Demultiplexing paired-end reads with dual barcodes and primers

koopkaup commented 6 years ago

Hi, I have Illumina MiSeq reads in the following format forward_barcode_sequence forward_primer_sequence read reverse_primer_sequence reverse_barcode

Because forward barcodes is used in combination with reverse barcodes, searching only the first barcode as cutadapt does right now does not work. Is it possible to add an option to search for both barcodes simultaneously to decide where a read belongs to?

marcelm commented 6 years ago

You should be able to use a linked adapter for this purpose. Can you try this and let me know whether it works? I’ll then make it clearer in the documentation.

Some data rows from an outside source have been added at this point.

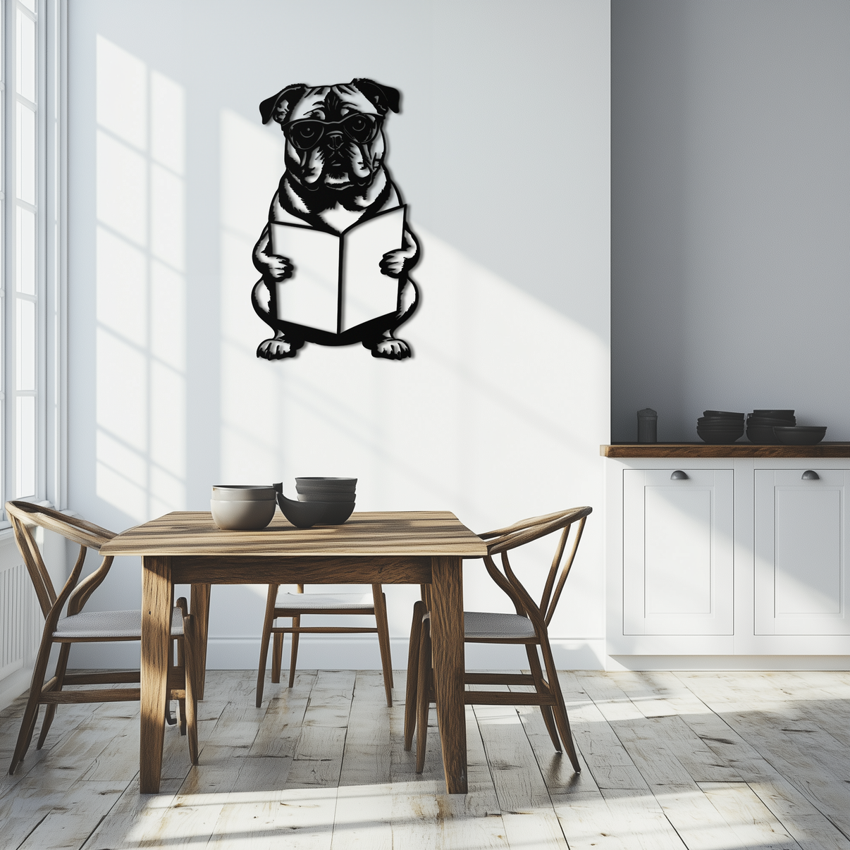 Add a playful and intellectual charm to your space with our Reading Dog Silhouette Metal Wall Art. Featuring a clever dog wearing glasses and reading a book, this delightful design brings warmth, humor, and character to any room. Crafted from premium 1.5mm steel and finished with a durable matte black electrostatic powder coating, it offers both lasting durability and stylish appeal.
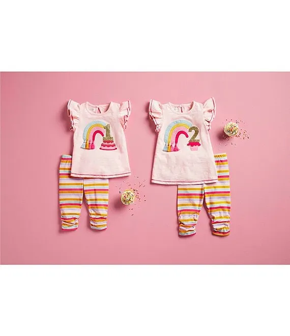 - Solid knit tunic with round neckline, flutter sleeves, tassel rainbow, cake, and glitter '1' applique, button back closure, contrast stitching and straight hem
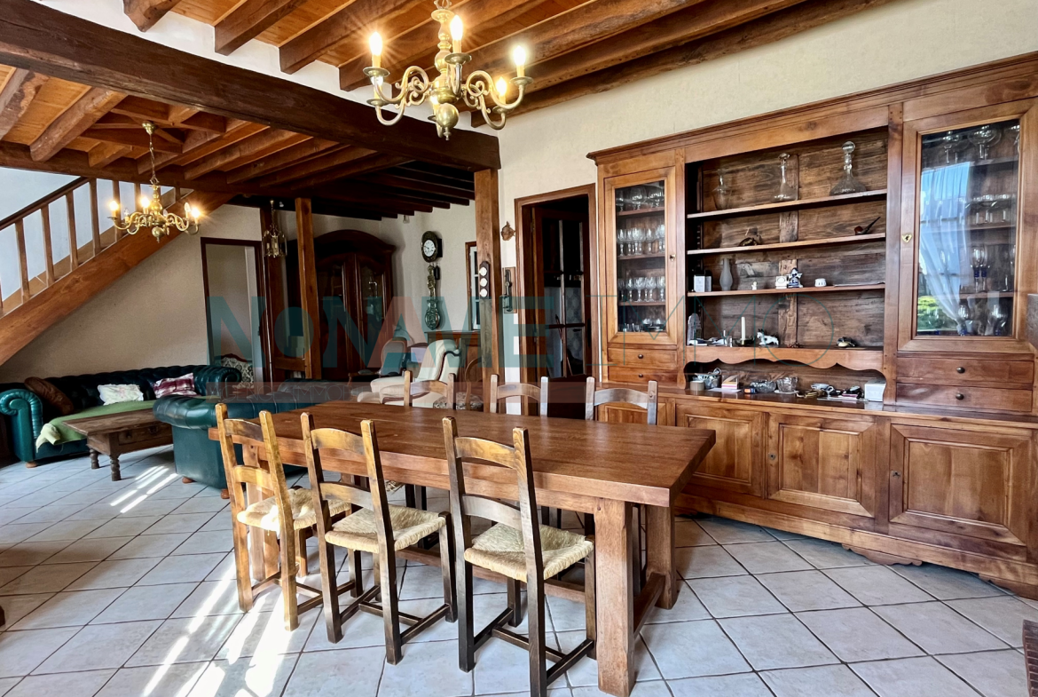 Situé dans un petit village entre St André et Pacy sur Eure dans une petite rue au calme maison ancienne de 1880, d’environ 170m2 sur terrain clos et arboré de 1750 m2. Elle se compose comme suit : entrée, salon avec cheminée, salle à manger, cuisine A&E, Salle de bains avec wc séparé et chambre. A l’étage, palier desservant une salle de bains avec WC, 3 chambres. Adorable jardin à l’abri des regards très bien entretenu. Une grange, une cave et un garage complète ce bien ainsi qu’une charetterie avec dalle béton et barbecue.
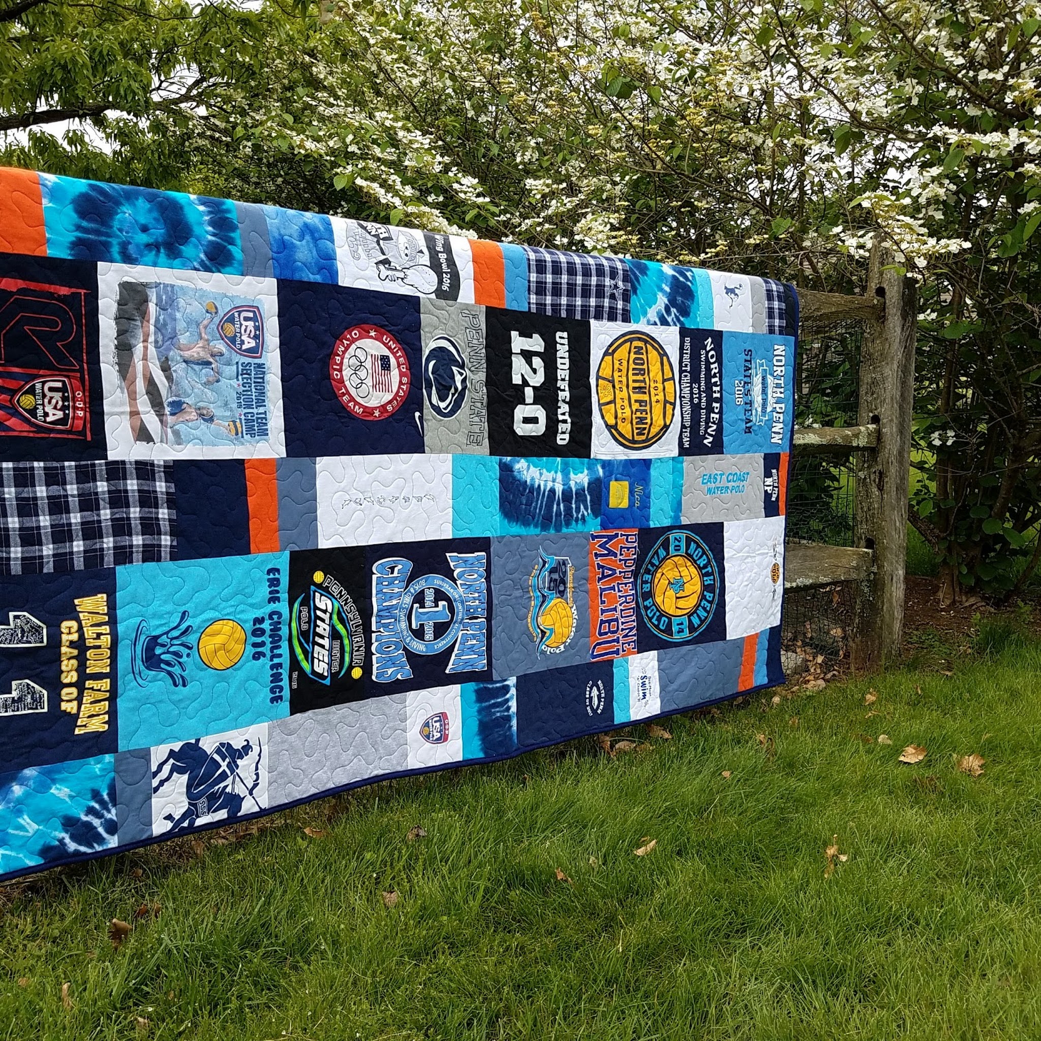 Wrap Yourself in Your Memories Authentic, handcrafted, high quality, custom t-shirt quilts and pillows made with your t-shirts or other memorable fabric! Choice of six different styles and backed with super soft flannel or 100% cotton. Don't just throw those special t-shirts away, have a family heirloom created that will be treasured for years to come.
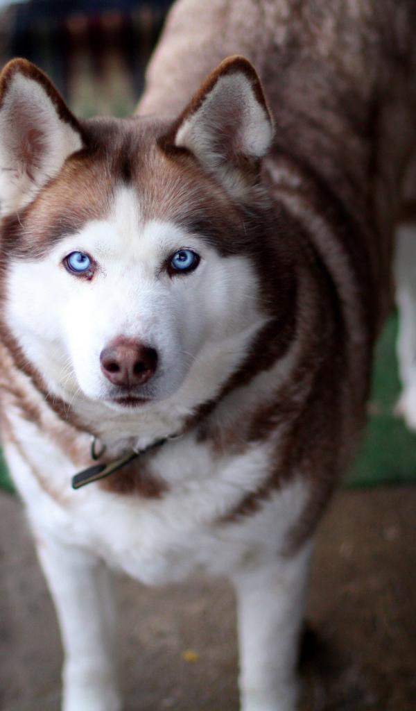 Wallpaper Beautiful blue-eyed husky cat with a collar
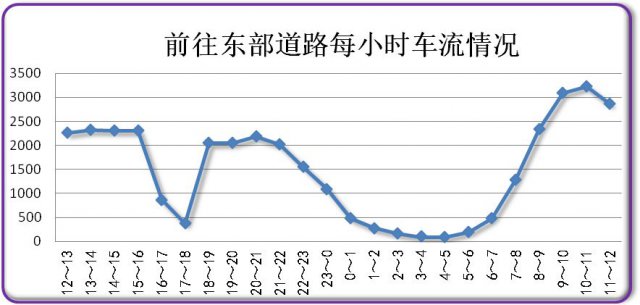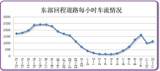 今日上午8時開始,東部回程的車輛增多,9時達到峰值,約1629輛。
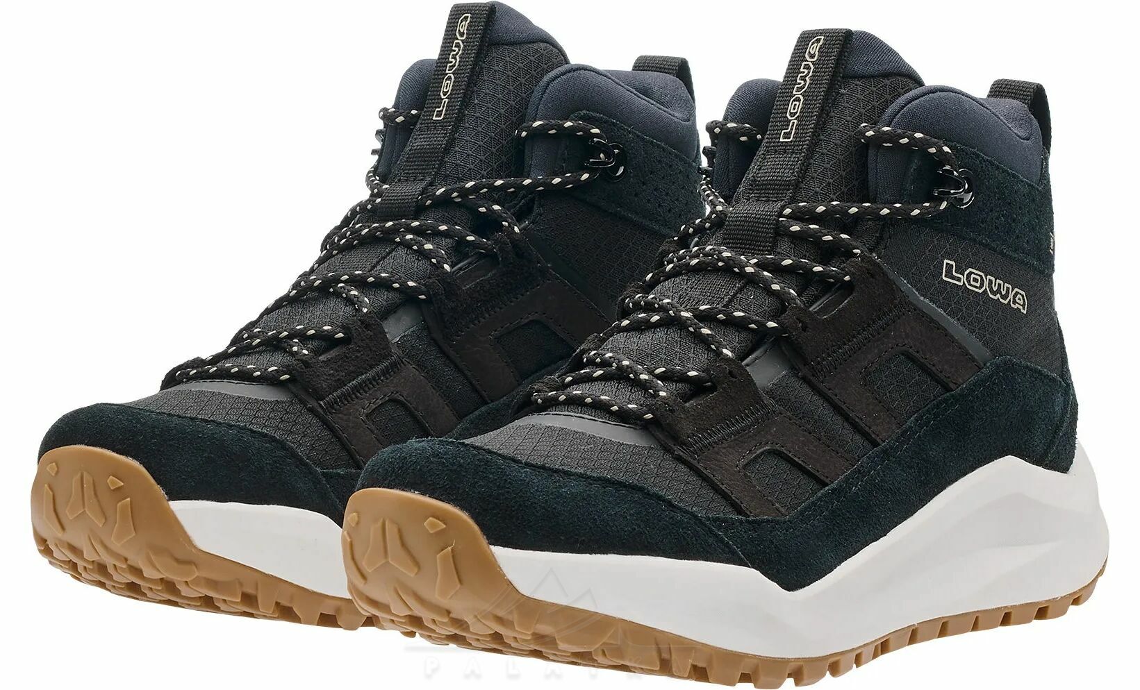 LOWA Kaloya GTX MID — жіночі водонепроникні черевики з нубуку та текстилю, створені для комфортного щоденного носіння. Підійдуть для прогулянок містом, скандинавської ходьби, легкого хайкінгу та активного відпочинку на природі.

koopkaup commented 6 years ago

I will try this, but how can I provide linked adapters as a fasta file? As shown in the example: -a file:barcodes.fasta

marcelm commented 6 years ago

Put them in the FASTA file like this:

>adapter1
ACGT...AACCGGTT
>adapter2
TTAAGG...CCAA

marcelm commented 6 years ago

I guess that, since you use file:, you probably have more than a few adapters. In that case, putting them into the FASTA file as I said in the comment above requires you to list all possible combinations. Depending on how many there are, this could be a bit inefficient and you may be better off running cutadapt in a "nested" way: Run it once to demultiplex according to the forward barcode, and then run it on all the output files to demultiplex according to the reverse barcode.

marcelm commented 6 years ago

Sorry, I should have probably read the title more thoroughly. I skipped the fact that you have paired-end reads and the above will only work as I suggested when you merge the reads before running cutadapt.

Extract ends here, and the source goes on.